[Given material — start]

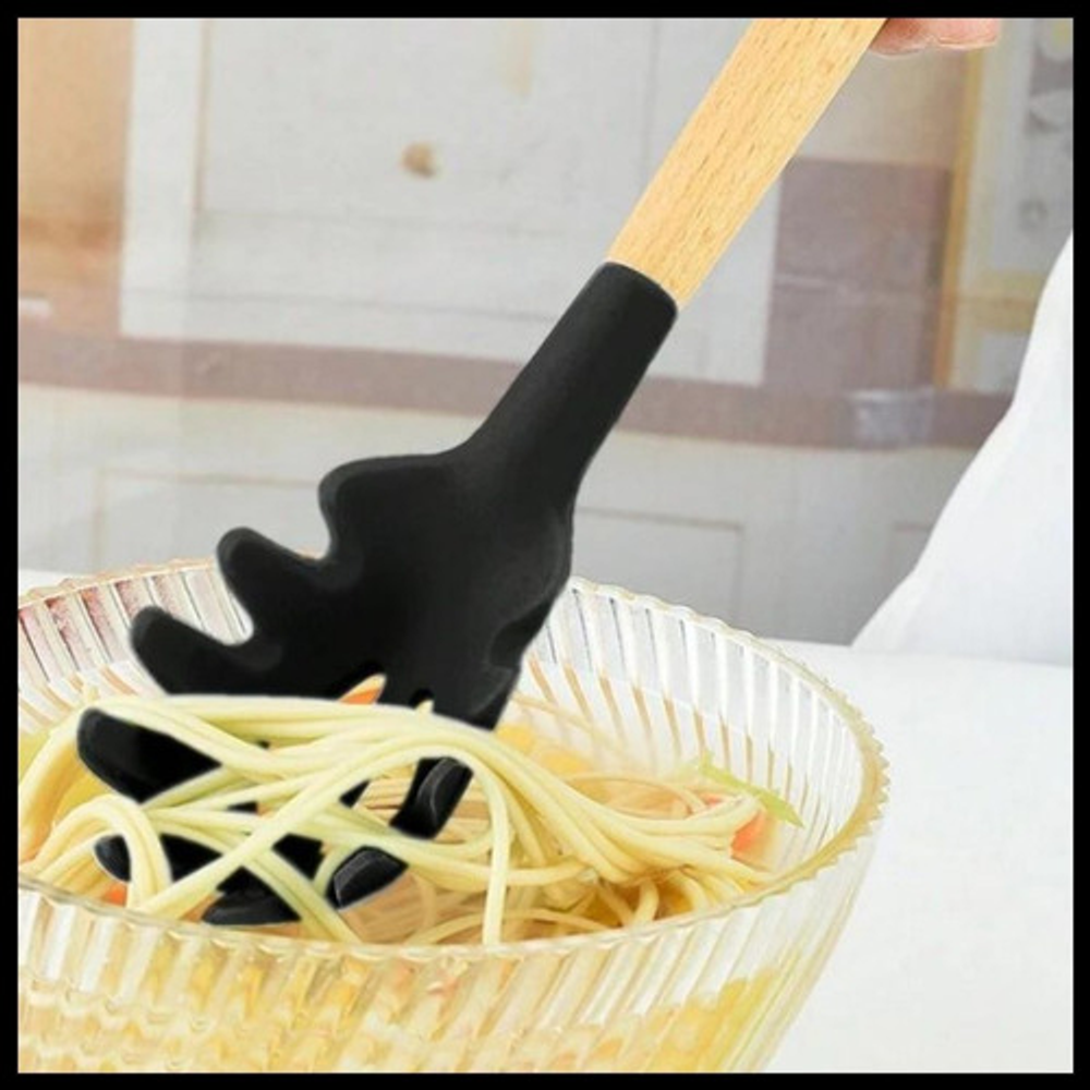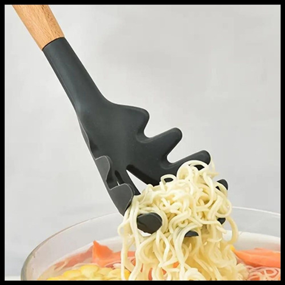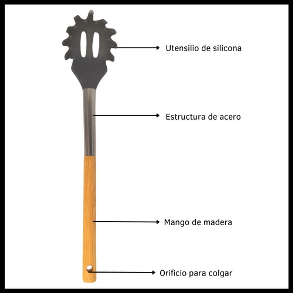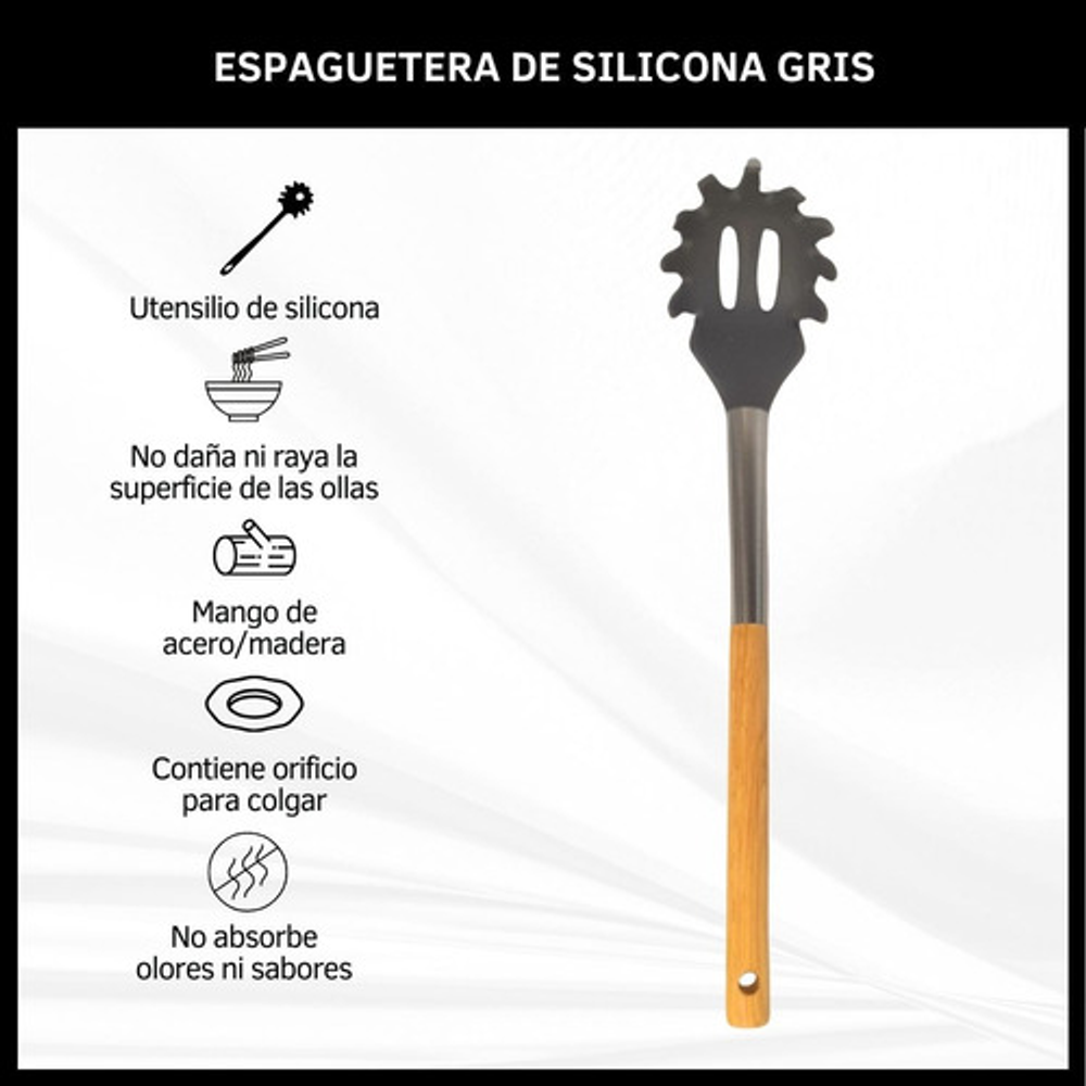 ESPAGUETERA SILICONA GRIS MANGO ACERO/MADERA
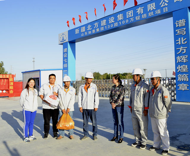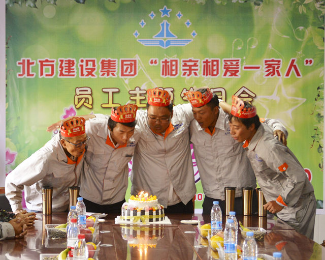(通訊員 李宇東)9月15日,北方建設集團工會(huì )主席李桂萍攜兩辦副主任孟慶忠及工會(huì )副主任王文娟一行3人,來(lái)到100萬(wàn)錠紡織項目部為5位一線(xiàn)員工舉辦了一場(chǎng)以“相親相愛(ài)一家人”為主題的集體生日活動(dòng)。
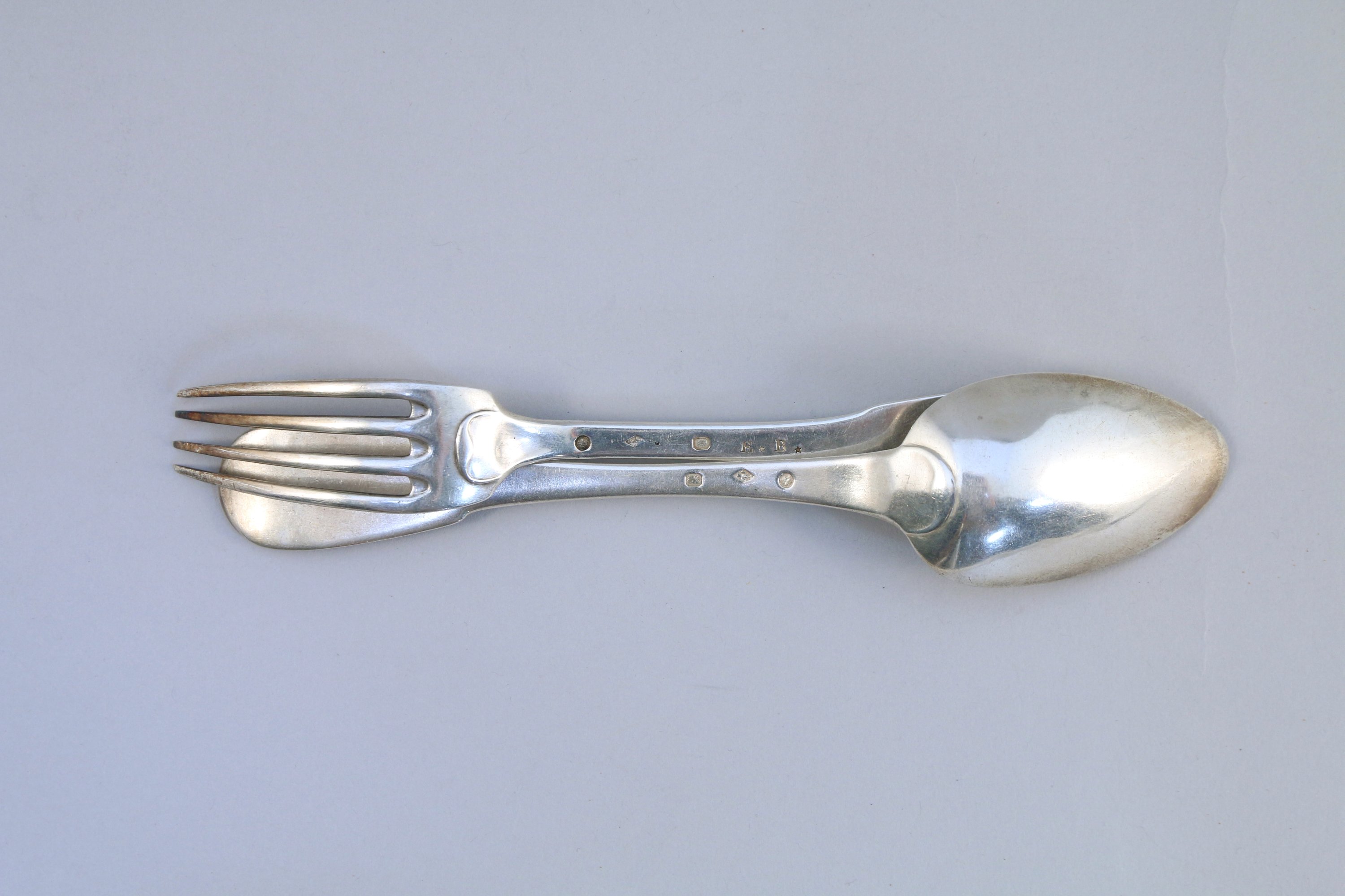 - UN COUVERT. Poinçon Viellard PARIS (1819-1839). Orfèvre: Cincinnatis Lorillon, installé 239 rue Saint-Martin à Paris. Poids 140 g.

[Given material — finish]

### Required action
When an image appears in the data, skip it and output the rest exactly.

### Exercise result
 ESPAGUETERA SILICONA GRIS MANGO ACERO/MADERA
(通訊員 李宇東)9月15日,北方建設集團工會(huì )主席李桂萍攜兩辦副主任孟慶忠及工會(huì )副主任王文娟一行3人,來(lái)到100萬(wàn)錠紡織項目部為5位一線(xiàn)員工舉辦了一場(chǎng)以“相親相愛(ài)一家人”為主題的集體生日活動(dòng)。
 - UN COUVERT. Poinçon Viellard PARIS (1819-1839). Orfèvre: Cincinnatis Lorillon, installé 239 rue Saint-Martin à Paris. Poids 140 g.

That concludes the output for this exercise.